• [Source data]
++++++++++++++++++++
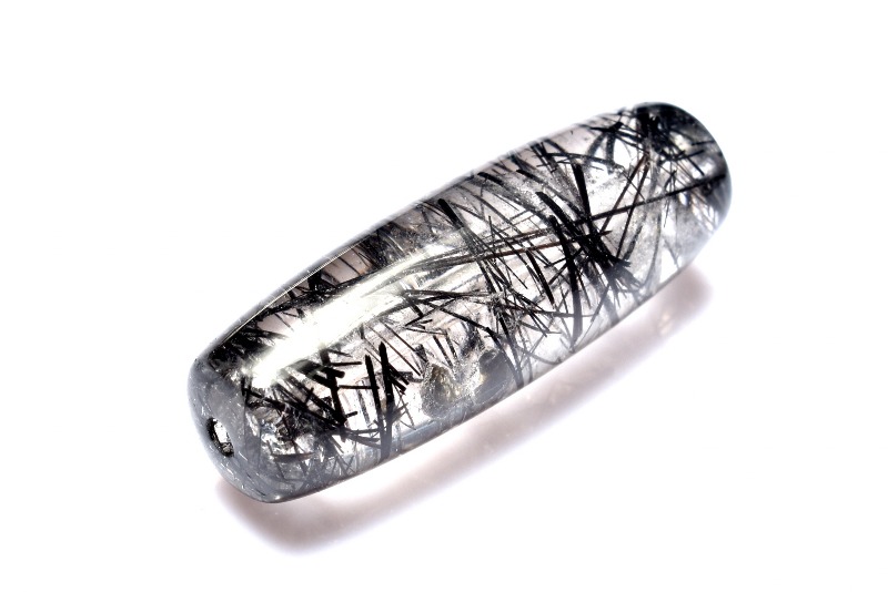材質ブラックトルマリンインクォーツ 25x9mm 産地:ブラジル
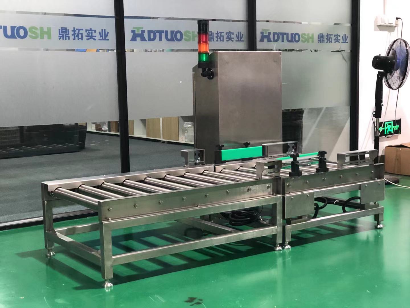 滚筒输送检重电子秤利用滚筒的输送方式,达到省时省力的效果,动力电机带动,自动输送称重、动称精度高、反应灵敏、输送平稳。
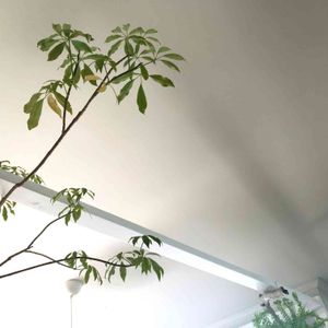 君はもしや……ブラッサイアくん⁈(・□・;) 4年半位前に、〝3鉢で〜〟のコーナーからやって来た名無しの権兵衛くん。2.5号ポット位だったかな。 ずっとちびっこのままで、茎(幹)も緑で細くて、葉も3枚葉とかで、窮屈そうなそぶりも全然見せなかったから、土は変えても、ずっと同じ鉢に植えてた。 どうも私はこの鉢シリーズ(左に写っている)で育てるのが苦手みたい。それすら気づいていなかった。気に入ってるからかな。 そのせいなのか何なのか、今年の春に鉢替えをするまで、この子の正体がわからなかった。 鉢を変えた途端、メキメキとやる気を出して、さらに大きい鉢をもらい、今は一丁前に大きな6枚葉をつけるようになった! 幹が太くなって木質化もしてきて、葉柄の色も茶色っぽくなって、男前になってきた! 4年間もうちにいたのに、気づかなくてごめん(>_<) 今まで特等席を与えることもなく、「野草みたい?…じゃない⁈」とか、「あれ?何か茎がアスパラっぽくなってきたね(この辺でやっとシェフレラなんじゃないかと気づく)」とか、言ってごめん(T ^ T) 水に流して〜(T ^ T) 来年は摘芯もして、もっと男前目指そうね‼︎
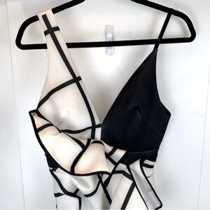 ASOS sz 2 Design Black White Ruffle Grid Check Waterfall Bodycon Midi Dress
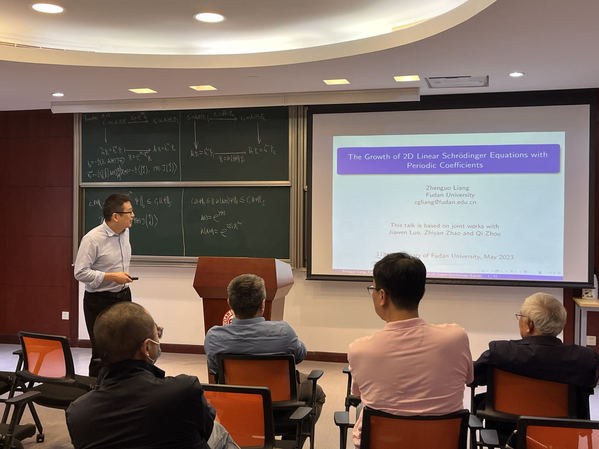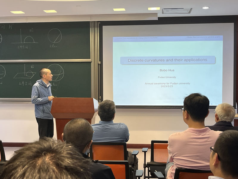 2023年5月23日(星期二)下午,数学科学学院在复旦大学光华东主楼2201室召开了2023年校庆报告会暨非线性数学模型与方法教育部重点实验室学术年会。首先程晋教授做了题为“若干信息重构问题的理论与算法”的精彩报告。然后,请青年教师华波波教授、梁振国副教授分别做了题为 “Discrete curvatures and their applications”、“The growth of 2d Schrodinger Equations with time periodic coefficients and quadratic polynomials symbols” 的学术报告,介绍了最新的学术进展。
++++++++++++++++++++
• [TASK DETAILS] Each record above must be returned exactly as written, with its pictures omitted.

• [SOLUTION BELOW]
材質ブラックトルマリンインクォーツ 25x9mm 産地:ブラジル
 滚筒输送检重电子秤利用滚筒的输送方式,达到省时省力的效果,动力电机带动,自动输送称重、动称精度高、反应灵敏、输送平稳。
 君はもしや……ブラッサイアくん⁈(・□・;) 4年半位前に、〝3鉢で〜〟のコーナーからやって来た名無しの権兵衛くん。2.5号ポット位だったかな。 ずっとちびっこのままで、茎(幹)も緑で細くて、葉も3枚葉とかで、窮屈そうなそぶりも全然見せなかったから、土は変えても、ずっと同じ鉢に植えてた。 どうも私はこの鉢シリーズ(左に写っている)で育てるのが苦手みたい。それすら気づいていなかった。気に入ってるからかな。 そのせいなのか何なのか、今年の春に鉢替えをするまで、この子の正体がわからなかった。 鉢を変えた途端、メキメキとやる気を出して、さらに大きい鉢をもらい、今は一丁前に大きな6枚葉をつけるようになった! 幹が太くなって木質化もしてきて、葉柄の色も茶色っぽくなって、男前になってきた! 4年間もうちにいたのに、気づかなくてごめん(>_<) 今まで特等席を与えることもなく、「野草みたい?…じゃない⁈」とか、「あれ?何か茎がアスパラっぽくなってきたね(この辺でやっとシェフレラなんじゃないかと気づく)」とか、言ってごめん(T ^ T) 水に流して〜(T ^ T) 来年は摘芯もして、もっと男前目指そうね‼︎
 ASOS sz 2 Design Black White Ruffle Grid Check Waterfall Bodycon Midi Dress
 2023年5月23日(星期二)下午,数学科学学院在复旦大学光华东主楼2201室召开了2023年校庆报告会暨非线性数学模型与方法教育部重点实验室学术年会。首先程晋教授做了题为“若干信息重构问题的理论与算法”的精彩报告。然后,请青年教师华波波教授、梁振国副教授分别做了题为 “Discrete curvatures and their applications”、“The growth of 2d Schrodinger Equations with time periodic coefficients and quadratic polynomials symbols” 的学术报告,介绍了最新的学术进展。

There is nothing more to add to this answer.